Dans une précédente édition, nous soulevions ce désagrément, mais point d’écho. Pour prendre un fourgon vers Aouachiche, qui est à 20 km de cette bourgade, d’abord il faut se lever très tôt et prendre part à la bousculade quotidienne.
Pêle-mêle, la pagaille offre un très grand spectacle d’anarchie. Plus d’une vingtaine de fourgons et cinq minibus assurent le transport pour la commune de Sidi-Khettab. Pour une population de moins de dix mille âmes, normalement le problème ne se pose guère. Mais sur le terrain, les entraves sont incommensurables. Ceux qui habitent les plus hauts villages : Ouled-Ahmed, Ouled-Bendenia, Kssara et Khouaouna, sont contraints de faire de longs trajets à pied.
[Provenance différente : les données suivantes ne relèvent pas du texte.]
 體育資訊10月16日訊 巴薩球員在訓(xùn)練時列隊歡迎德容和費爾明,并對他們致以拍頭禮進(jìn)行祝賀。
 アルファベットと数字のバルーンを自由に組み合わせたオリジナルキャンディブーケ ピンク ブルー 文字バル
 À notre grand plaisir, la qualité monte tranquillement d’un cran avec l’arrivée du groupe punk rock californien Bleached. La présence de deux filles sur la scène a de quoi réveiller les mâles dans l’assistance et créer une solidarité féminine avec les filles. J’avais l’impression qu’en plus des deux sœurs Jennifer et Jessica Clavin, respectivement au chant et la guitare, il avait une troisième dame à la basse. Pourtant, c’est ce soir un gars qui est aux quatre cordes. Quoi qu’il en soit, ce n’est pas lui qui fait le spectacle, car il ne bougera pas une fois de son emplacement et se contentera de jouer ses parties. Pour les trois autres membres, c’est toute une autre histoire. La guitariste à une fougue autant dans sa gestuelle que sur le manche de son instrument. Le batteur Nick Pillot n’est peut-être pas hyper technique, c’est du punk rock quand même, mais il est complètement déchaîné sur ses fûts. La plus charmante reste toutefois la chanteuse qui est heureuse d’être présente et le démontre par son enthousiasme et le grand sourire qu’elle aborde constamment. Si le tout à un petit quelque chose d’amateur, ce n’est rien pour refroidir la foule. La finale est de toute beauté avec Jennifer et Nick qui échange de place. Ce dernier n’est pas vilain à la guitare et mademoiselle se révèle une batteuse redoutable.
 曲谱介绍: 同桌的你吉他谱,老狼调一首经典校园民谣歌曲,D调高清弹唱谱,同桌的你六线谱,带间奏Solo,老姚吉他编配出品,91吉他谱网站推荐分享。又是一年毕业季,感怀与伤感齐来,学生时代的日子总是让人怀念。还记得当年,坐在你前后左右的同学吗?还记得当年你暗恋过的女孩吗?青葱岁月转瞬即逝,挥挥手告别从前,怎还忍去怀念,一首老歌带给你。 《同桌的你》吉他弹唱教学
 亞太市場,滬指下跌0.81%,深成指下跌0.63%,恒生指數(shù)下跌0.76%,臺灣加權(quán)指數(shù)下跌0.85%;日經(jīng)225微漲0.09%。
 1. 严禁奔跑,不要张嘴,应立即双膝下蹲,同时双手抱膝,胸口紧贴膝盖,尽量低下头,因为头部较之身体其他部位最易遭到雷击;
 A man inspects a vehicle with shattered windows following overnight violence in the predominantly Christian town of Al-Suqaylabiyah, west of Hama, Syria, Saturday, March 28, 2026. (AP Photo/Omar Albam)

Auparavant, un bus desservait l’une des routes qui mènent à Sidi-Khettab, mais, depuis deux mois, le fameux véhicule s’est éclipsé, pour panne, peut-être.
Dans une région des chemins qui montent, la marche n’est pas souvent une partie de plaisir. Surtout pour ceux qui font leurs achats au chef-lieu de commune.
C’est dans ces circonstances que beaucoup de gens cheminent la lourde bouteille de gaz butane et autres denrées. C’est un véritable casse-tête.